Task description> Both the line with "- En la ventana" and the line with "多功能刀架厨房刀具用品置物架" in the records below must appear in the output, along with every line between them, exactly and with nothing added.

Exercise material>
↓

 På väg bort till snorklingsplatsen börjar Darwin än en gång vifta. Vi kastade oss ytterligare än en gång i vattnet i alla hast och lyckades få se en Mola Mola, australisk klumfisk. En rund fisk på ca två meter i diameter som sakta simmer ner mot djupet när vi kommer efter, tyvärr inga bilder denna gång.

↑
↓

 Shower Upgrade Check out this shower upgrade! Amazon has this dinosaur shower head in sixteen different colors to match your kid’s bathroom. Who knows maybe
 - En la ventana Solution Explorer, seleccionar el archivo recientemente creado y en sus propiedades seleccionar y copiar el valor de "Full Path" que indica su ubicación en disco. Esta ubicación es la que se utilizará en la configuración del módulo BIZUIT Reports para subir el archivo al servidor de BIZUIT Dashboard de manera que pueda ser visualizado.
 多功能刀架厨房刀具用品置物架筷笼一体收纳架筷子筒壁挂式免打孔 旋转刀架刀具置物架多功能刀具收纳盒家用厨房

↑
↓

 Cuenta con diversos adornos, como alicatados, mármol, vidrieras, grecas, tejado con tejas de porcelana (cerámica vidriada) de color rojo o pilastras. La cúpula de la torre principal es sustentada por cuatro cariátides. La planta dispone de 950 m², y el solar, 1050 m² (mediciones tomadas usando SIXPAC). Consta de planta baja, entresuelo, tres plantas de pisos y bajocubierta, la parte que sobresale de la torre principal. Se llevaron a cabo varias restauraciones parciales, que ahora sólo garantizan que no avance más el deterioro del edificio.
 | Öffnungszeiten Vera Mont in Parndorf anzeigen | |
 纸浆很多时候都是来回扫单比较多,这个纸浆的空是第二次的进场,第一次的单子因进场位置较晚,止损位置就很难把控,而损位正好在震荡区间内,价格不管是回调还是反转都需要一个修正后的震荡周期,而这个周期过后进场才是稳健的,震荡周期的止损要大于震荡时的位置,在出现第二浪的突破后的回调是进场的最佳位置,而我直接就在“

↑

Solution to the exercise>
 - En la ventana Solution Explorer, seleccionar el archivo recientemente creado y en sus propiedades seleccionar y copiar el valor de "Full Path" que indica su ubicación en disco. Esta ubicación es la que se utilizará en la configuración del módulo BIZUIT Reports para subir el archivo al servidor de BIZUIT Dashboard de manera que pueda ser visualizado.
 多功能刀架厨房刀具用品置物架筷笼一体收纳架筷子筒壁挂式免打孔 旋转刀架刀具置物架多功能刀具收纳盒家用厨房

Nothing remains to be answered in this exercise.